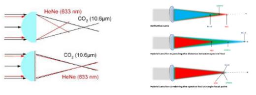采用DOE是一種輕薄而優雅的光學解決方案,可以輕松的克服波長相差很大的激光之間的色差,使得它們具備共同的焦點,精確瞄準。
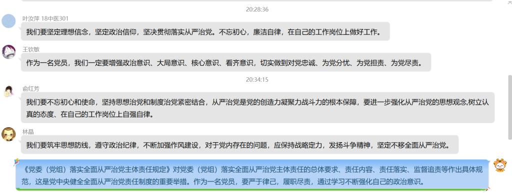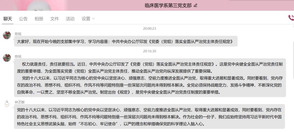5月10日晚,临床系第三党支部于通过支部QQ群召开线上学习活动,此次学习内容为《党委(党组)落实全面从严治党主体责任规定》(以下简称《规定》),由支部书记陈铭同志主持。
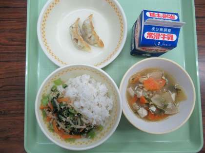 今日のメニューは、麦ご飯、牛乳、ビビンバ、焼き餃子2個、ピリ辛汁でした。
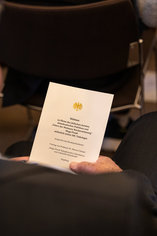 Caption: Program des TagesVeranstaltung im Schloss Bellevue zum 100.Todestag von Hugo Preuss in Berlin, 26.09.2025.
· · · · ·
• **Problem requirements**
Transcribe exactly, and without any pictures, each line from the one that holds "5月10日晚,临床系第三党支" through the final line of the material above.

• **The completed task**
5月10日晚,临床系第三党支部于通过支部QQ群召开线上学习活动,此次学习内容为《党委(党组)落实全面从严治党主体责任规定》(以下简称《规定》),由支部书记陈铭同志主持。
 今日のメニューは、麦ご飯、牛乳、ビビンバ、焼き餃子2個、ピリ辛汁でした。
 Caption: Program des TagesVeranstaltung im Schloss Bellevue zum 100.Todestag von Hugo Preuss in Berlin, 26.09.2025.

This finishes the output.